Did you ever see the metadata that you received here? You don't update the flv_off to reflect the newly written data, so it's never actually returned. But this isn't everything you need to do in order to make that work. Please test and make sure that the metadata that the client sends actually gets handled properly by the flv demuxer.

+        ff_rtmp_packet_destroy(pkt);

This packet is freed in get_packet already, this makes it freed twice, which isn't ok.

+        return 0;
+    } else
+        return AVERROR_INVALIDDATA;

This breaks normal playback - please test that as well.

And in general, I think it's much better to have code like this to be more tolerant than strict, so we don't fail as soon a peer sends something we don't understand - in most cases you can just ignore it, and things will be more robust.

+
+    return 0;
+}
+
/**
 * Parse received packet and possibly perform some action depending on
 * the packet contents.
@@ -1261,6 +1700,14 @@ static int get_packet(URLContext *s, int for_header)
            bytestream_put_be32(&p, 0);
            ff_rtmp_packet_destroy(&rpkt);
            return 0;
+        } else if (rpkt.type == RTMP_PT_NOTIFY) {
+            ret = handle_notify(s, &rpkt);
+            if (ret) {
+                av_log(s, AV_LOG_ERROR, "Handle notify error\n");

If this happens, the packet will be leaked.
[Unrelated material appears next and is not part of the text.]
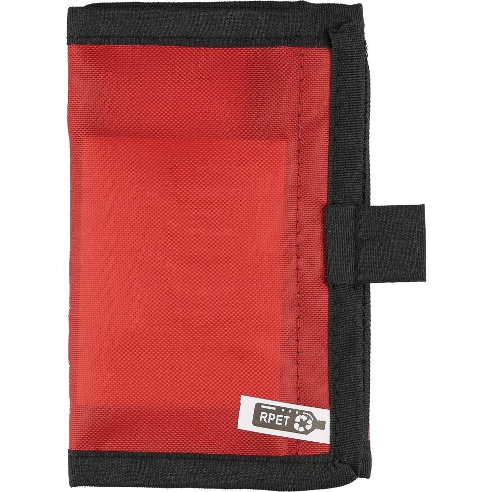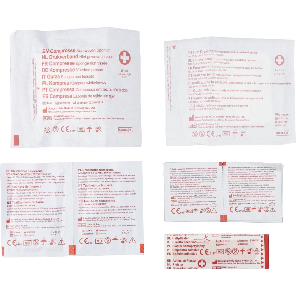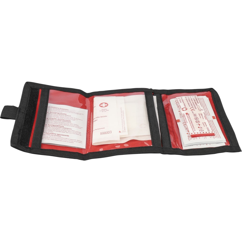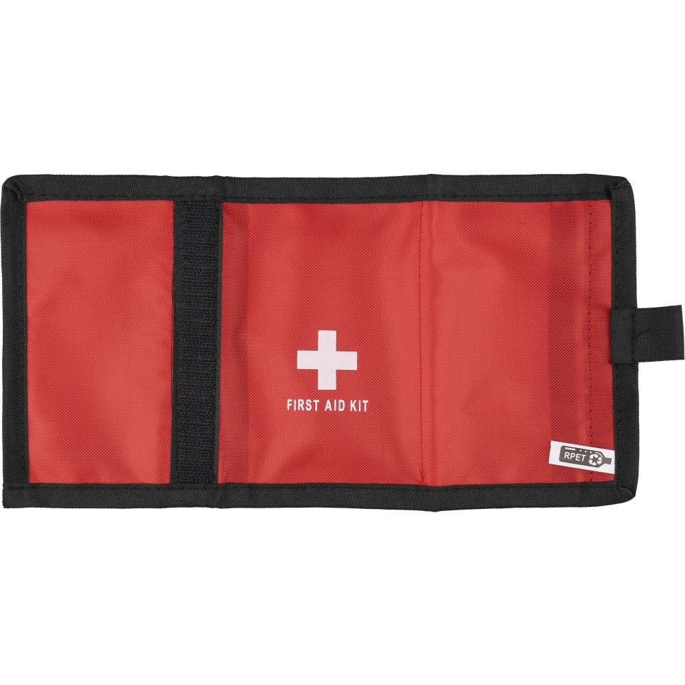 RPET 600D poliészterből készült elsősegélytasak tépőzárral és hordozópánttal. Tartalma: 5 sebtapasz, 1 steril fedőkötés, 1 nemszőtt törlőkendő, 8 alkoholos törlőkendő és 2 tisztítókendő. A külső felületen rPET címke található.

+                return ret;
+            }
+            ff_rtmp_packet_destroy(&rpkt);
+            return 0;
        } else if (rpkt.type == RTMP_PT_METADATA) {
            // we got raw FLV data, make it available for FLV demuxer
            rt->flv_off  = 0;
@@ -1331,6 +1778,9 @@ static int rtmp_open(URLContext *s, const char *uri, int 
flags)
    AVDictionary *opts = NULL;
    int ret;

+    if (rt->listen_timeout > 0)
+        rt->listen = 1;
+
    rt->is_input = !(flags & AVIO_FLAG_WRITE);

    av_url_split(proto, sizeof(proto), NULL, 0, hostname, sizeof(hostname), 
&port,
@@ -1358,7 +1808,12 @@ static int rtmp_open(URLContext *s, const char *uri, int 
flags)
        /* open the tcp connection */
        if (port < 0)
            port = RTMP_DEFAULT_PORT;
-        ff_url_join(buf, sizeof(buf), "tcp", NULL, hostname, port, NULL);
+        if (rt->listen)
+            ff_url_join(buf, sizeof(buf), "tcp", NULL, hostname, port,
+                        "?listen&listen_timeout=%d",
+                        rt->listen_timeout * 1000);
+        else
+            ff_url_join(buf, sizeof(buf), "tcp", NULL, hostname, port, NULL);
    }

You only do this in the plain "rtmp" case. If the caller sets -rtmp_listen but uses a rtmpe or rtmpt url, things will misbehave. For those unimplemented cases, make sure we return an error here.

Other than this, I see you managed to do a lot of cleanup I suggested in the previous round - now this is much nicer, with a lot less code specific to this case.